4. Ebenso zutreffend ist das Rekursgericht allerdings davon ausgegangen, dass die eingeschränkten grundbuchsrechtlichen Kognitionsmöglichkeiten auch bei Bewilligung der Klageanmerkung nach § 27 Abs 2 WEG durch das Prozessgericht zu beachten sind (RIS Justiz RS0117694; 5 Ob 74/10h), also der Antrag nach den Verfahrensvorschriften des Grundbuchrechts zu behandeln ist (5 Ob 261/04z SZ 2004/169 = wobl 2005/41 [ Call ]; 5 Ob 200/08k wobl 2009/40).

5. Es wäre daher an der Klägerin gelegen, die behauptete Rechtsnachfolge durch Vorlage von Urkunden zu bescheinigen. Das ergibt sich implizit auch aus der Entscheidung 5 Ob 252/03z, in welcher eine Amtsbestätigung des Firmenbuchgerichts über die eingetretene Gesamtrechtsnachfolge und den damit verbundenen außerbücherlichen Eigentumserwerb für ausreichend erachtet wurde.

6. Die Befürchtung im Revisionsrekurs, die klagende Partei könnte sich eine entsprechende Urkunde nicht oder nicht innerhalb der Sechsmonatsfrist des § 27 Abs 2 WEG beschaffen, ist unbegründet, zumal gemäß § 22 AußStrG im Außerstreitverfahren die Bestimmungen der Zivilprozessordnung unter anderem über „Akten“ sinngemäß anzuwenden sind, worunter § 219 ZPO zu verstehen ist (RIS Justiz RS0005803 [T9]).

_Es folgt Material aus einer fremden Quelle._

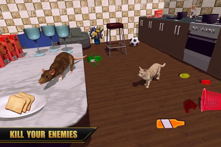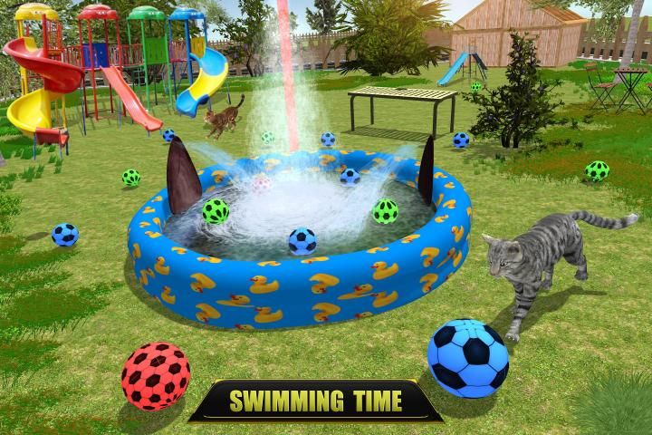 Cat Simulator Family: Cute Stray Kitten Life is truly based on the story of a stray cat having battles with mouse and other wild animals. Experience the life of a cute stray cat and stay alive in the big city and animal farms for unlimited fun. Feel like a cute kitten, but beware of the enemies like mice, hens, and crazy dogs in all cat games. Snatch the cookies inside the house and keep running to save your life while playing cat simulator. Explore the house to find your food and to kill the chicks, hens, and rats. Build a new home and grow your cat family and sweet baby cats in the form of a new cat breed. Play with the toys, footballs, and dive into the swimming pool and enjoy swimming. Challenge yourself in this cat simulator and complete all magical quests. Destroy books, glasses, laptops, and kitchen accessories to earn rewards.
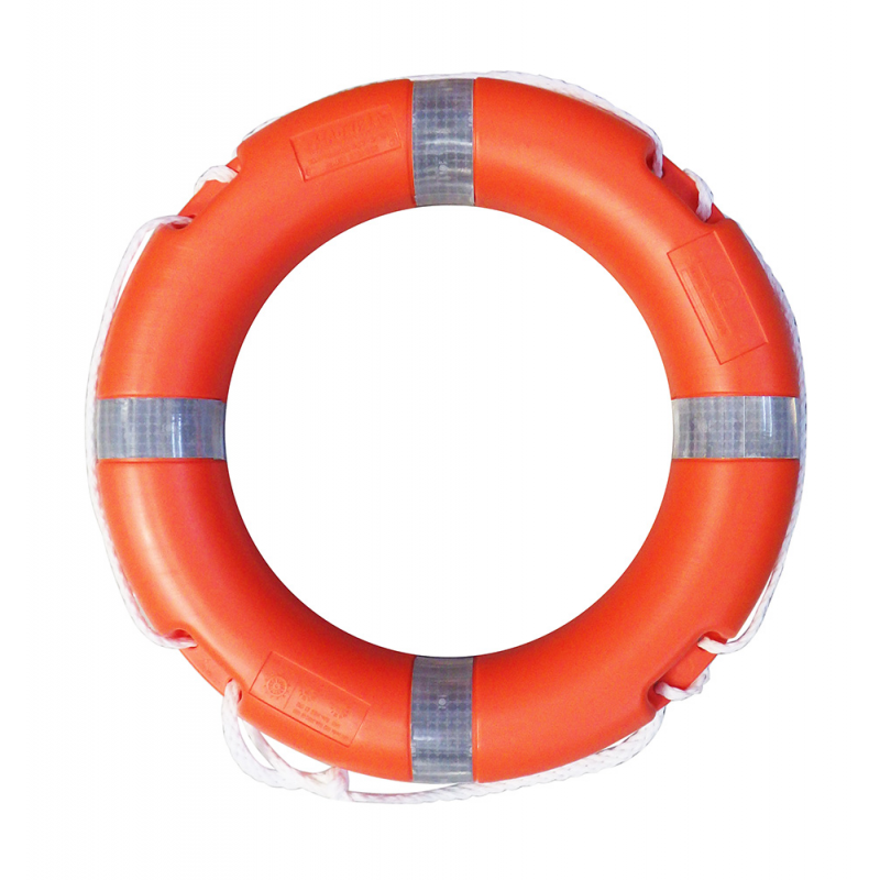 Salvagente anulare R.I.Na. (0474) n. CCE 8999/2 approvato SOLAS 74/83-M.E.D.96/98-DM n.385. MED 2014/90/EU, IMO Res. MSC 81(70) SOLAS 74Con strisce riflettenti, struttura portante in materiale plastico indistruttibile,ripieno di poliuretano espanso. Per nautica da diporto.Dim. Ø est. cm. 61, Ø int. cm. 41, cm. 12 h. Peso Kg. 2,5.
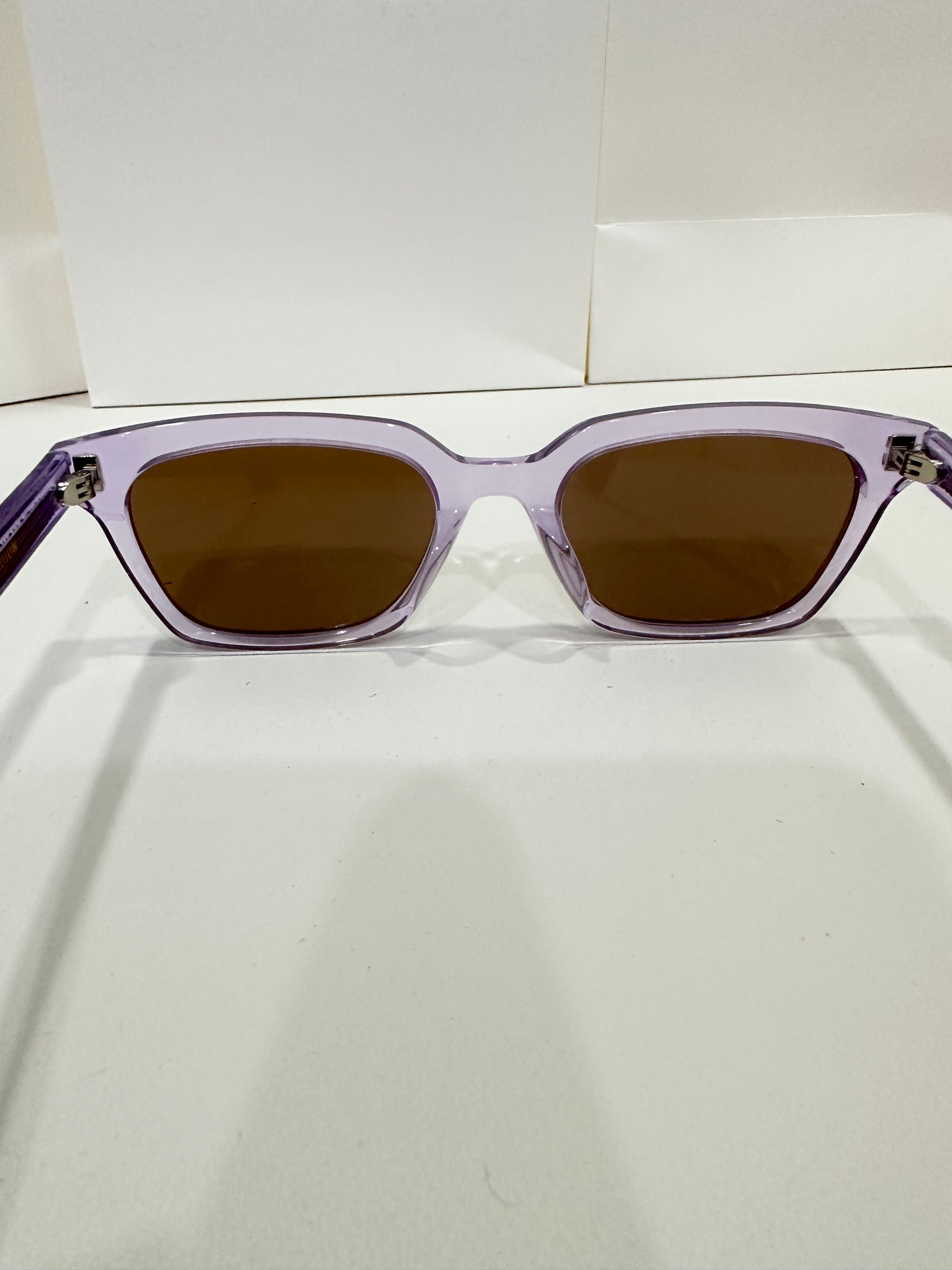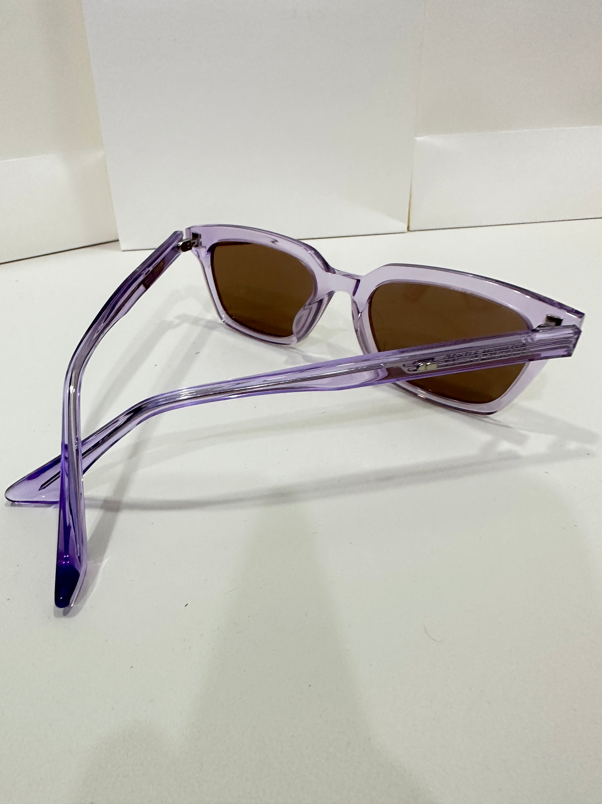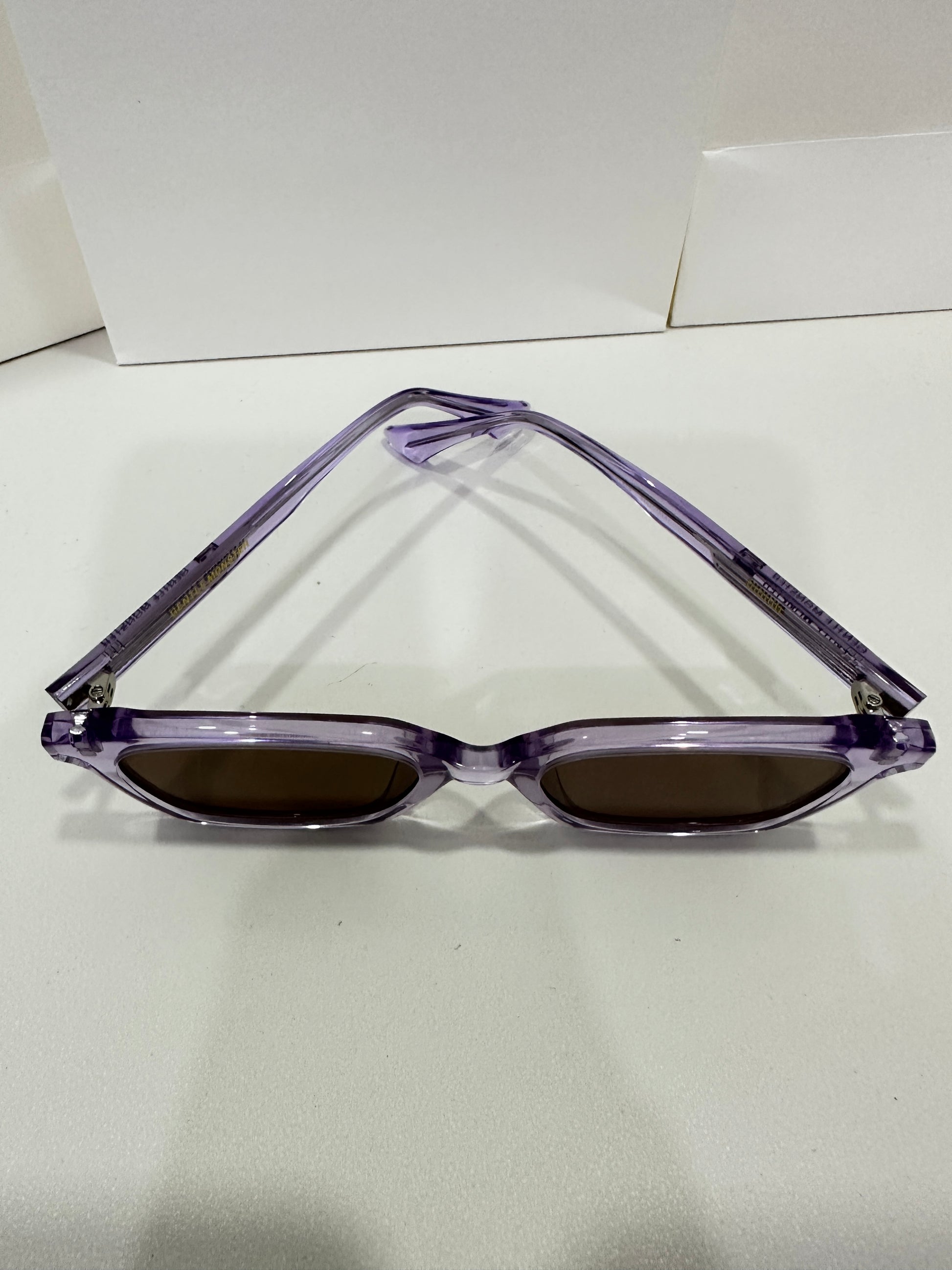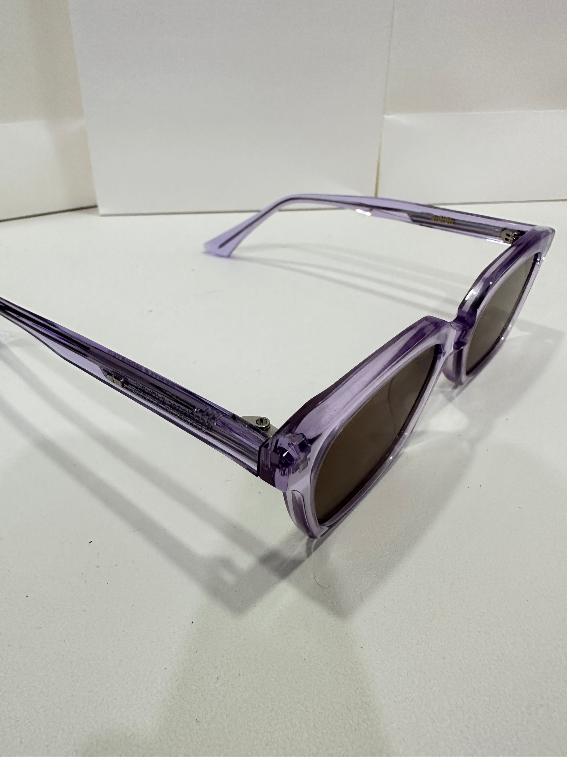 Didion VC1 is a slim rectangular frame crafted of clear violet acetate, fitted with 99.9% UV protected brown lenses. The soft and refined front is balanced by the temples.
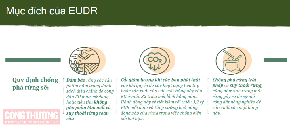 Được ban hành ngày 23/6/2023, Quy định của EU về sản phẩm không gây phá rừng (European Union Deforestation Regulation - EUDR) ban đầu được ấn định có hiệu lực từ ngày 30/12/2024, trước mắt áp dụng yêu cầu 7 nhóm mặt hàng (cà phê, dầu cọ, gỗ, cao su, thịt gia súc, ca cao và đậu tương) xuất khẩu vào EU phải truy xuất nguồn gốc, không liên quan đến phá rừng sau ngày 31/12/2020. Doanh nghiệp vi phạm sẽ bị phạt đến 4% doanh thu và bị loại khỏi thị trường EU.
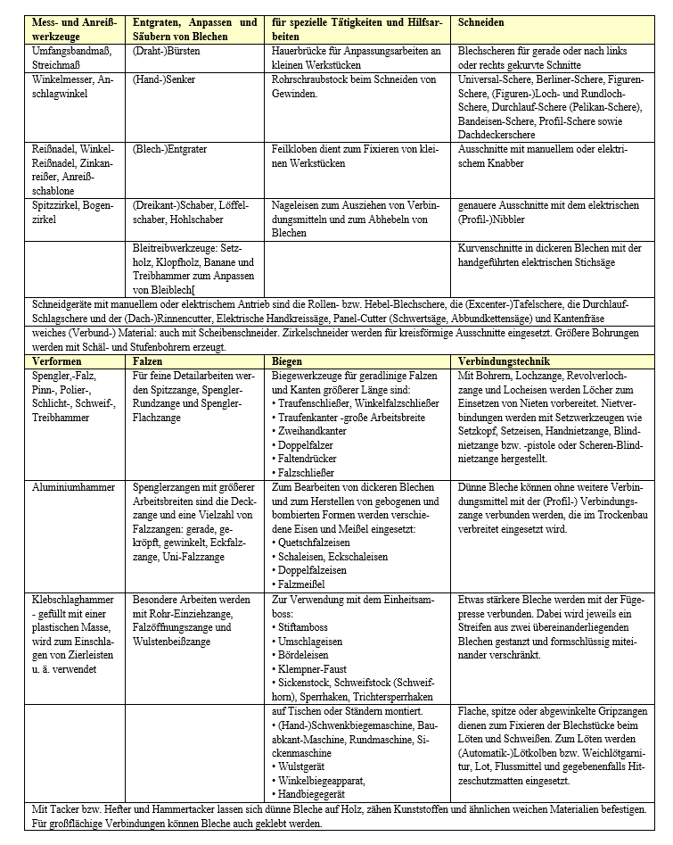 Sie beherrschen die Verbindungstechniken, insbesondere. Falzen, Löten und Schweißen,
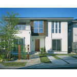 ルシアス 機能門柱 B01型(PR) ポストT9型(H2) + 市販品表札:3九谷焼表札1_3 + 照明17型(PR)、ヴェナート S22 親子(PR) |
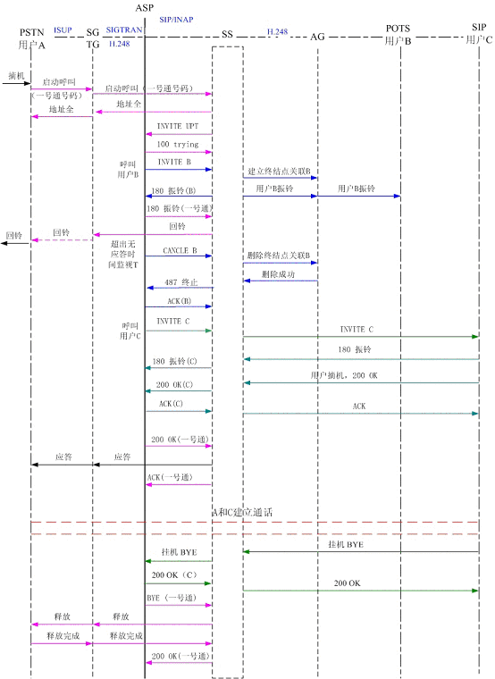 圖5為PSTN用戶A撥打一號(hào)通用戶,順呼軟交換域AG下POTS用戶B和SIP用戶C,其中軟交換和應(yīng)用服務(wù)器以SIP協(xié)議相連,軟交換和AG、軟交換和TG以H.248協(xié)議相連。可以看到,用戶B首先振鈴,振鈴達(dá)到規(guī)定時(shí)間后,應(yīng)用服務(wù)器取消了對(duì)用戶B的振鈴,轉(zhuǎn)而對(duì)用戶C振鈴。用戶C摘機(jī)應(yīng)答,通話結(jié)束,用戶C掛機(jī),系統(tǒng)釋放了呼叫。
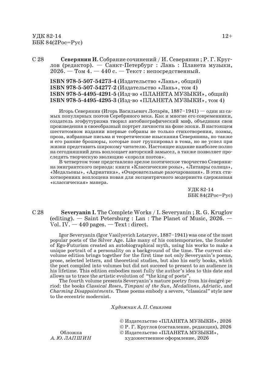 Игорь Северянин (Игорь Васильевич Лотарёв, 1887–1941) — один из самых популярных поэтов Серебряного века. Как и многие его современники, создатель эгофутуризма творил автобиографический миф, объединяя свои произведения в своеобразный портрет личности на фоне эпохи. В настоящем шеститомном издании впервые собраны не только стихотворения, поэмы, проза, избранные письма и теоретические изыскания Северянина, но также и его ранние брошюры, которые поэт группировал в тома, но не успел при жизни представить широкому читателю. Настоящее издание наиболее полно на сегодняшний день воплощает авторский замысел, а также позволяет проследить творческую эволюцию «короля поэтов». В четвертом томе представлено зрелое поэтическое творчество Северянина эмигрантского периода: книги «Классические розы», «Литавры солнца», «Медальоны», «Адриатика», «Очаровательные разочарования». В этих стихотворениях воплощена новая для эксцентричного модерниста сдержанная «классическая» манера. Igor Severyanin (Igor Vasilyevich Lotaryov, 1887–1941) was one of the most popular poets of the Silver Age. Like many of his contemporaries, the founder of Ego-Futurism created an autobiographical myth, using his works to make a unique portrait of a personality on a background of the time. The current six-volume edition brings together for the first time not only Severyanin’s poems, prose, selected letters, and theoretical studies, but also his early books, which the poet compiled into volumes but did not succeed to present to an audience in his lifetime. This edition embodies most fully the author’s idea to this date and allows us to trace the artistic evolution of “the king of poets”. The fourth volume presents Severyanin’s mature poetry from his émigré period: the books Classical Roses, Timpani of the Sun, Medallions, Adriatic, and Charming Disappointments. These poems embody a severe, “classical” style new to the eccentric modernist.
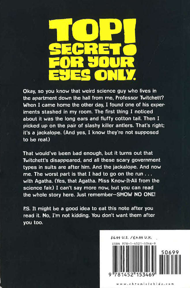 Jeremy's troubles begin when his eccentric neighbor leaves him an experiment for safekeeping: a jackalope! This so-called mythological creature looks like a bunny rabbit, but comes with razor-sharp antlers and is purported to be a ruthless killer. When government agents show up at Jeremy's house seeking the jackalope for their own nefarious purposes, Jeremy must find a way to protect the jackalope, and himself. So he reluctantly joins forces with Agatha, his holier-than-thou genius neighbor. Together, with the jackalope (and his weapons-grade antlers) tucked away in a backpack, they have only one chance to save Jack and still get their science fair projects in on time.
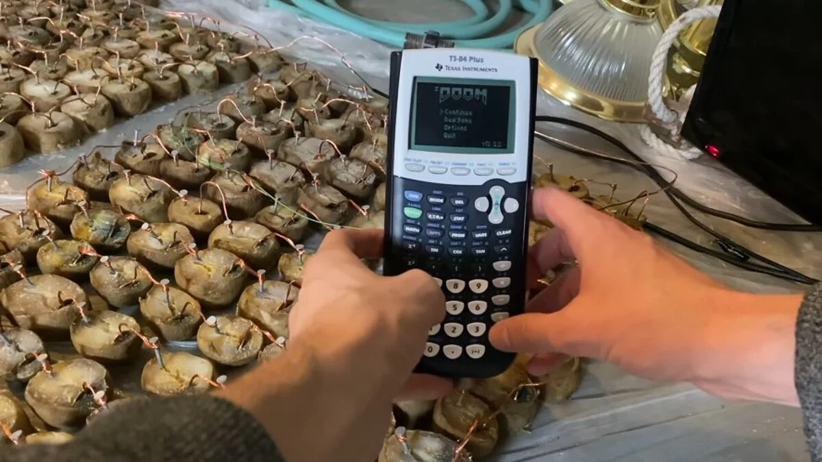 Спустя несколько лет ведущий с канала Equalo решил воплотить эксперимент в жизнь. Правда, он немного изменил условия и решил запустить популярный шутер на калькуляторе TI-84 Plus. Для работы прибору необходимы 4 пальчиковые батарейки или 200 картофелин, соединенных между собой с помощью проводов, гвоздей и монеток.

Der Eigentümergemeinschaft ist selbst bei fehlender Zustimmung der Verfahrensparteien iSd § 219 Abs 2 zweiter Satz ZPO ein Recht auf Einsicht und Abschriftnahme etwa des Beschlusses über die Einantwortung im Hinblick darauf zuzuerkennen, dass sie die entsprechenden Informationen und Urkunden für die Durchsetzung offener Forderungen gegen den Wohnungseigentümer, aber eben auch zur Geltendmachung des Vorzugspfandrechts benötigt (vgl zum rechtlichen Interesse auf Akteneinsicht Gitschthaler in Rechberger ³ § 219 ZPO mwN; s auch § 170 Geo).

7. Die vom Revisionsrekurs gewünschte Anwendung der Verbesserungsvorschriften der ZPO und nicht jener des GBG scheitert an dem bereits hervorgehobenen Umstand, dass die Vorschriften des Grundbuchrechts auch bei Bewilligung einer Klageanmerkung nach § 27 Abs 2 WEG zu beachten sind. Zutreffend hat das Rekursgericht somit die Anwendbarkeit des § 82a Abs 5 GBG bejaht.

8. Dem unberechtigten Revisionsrekurs ist daher ein Erfolg zu versagen.

Abgesehen davon, dass im Verfahren auf Klageanmerkung nach § 27 Abs 2 WEG als Grundbuchsverfahren ein Kostenersatz nicht vorgesehen ist (5 Ob 285/00y; 5 Ob 261/04z), gebührt der klagenden Partei hier ein Kostenersatz schon deshalb nicht, weil ihr Revisionsrekurs erfolglos blieb.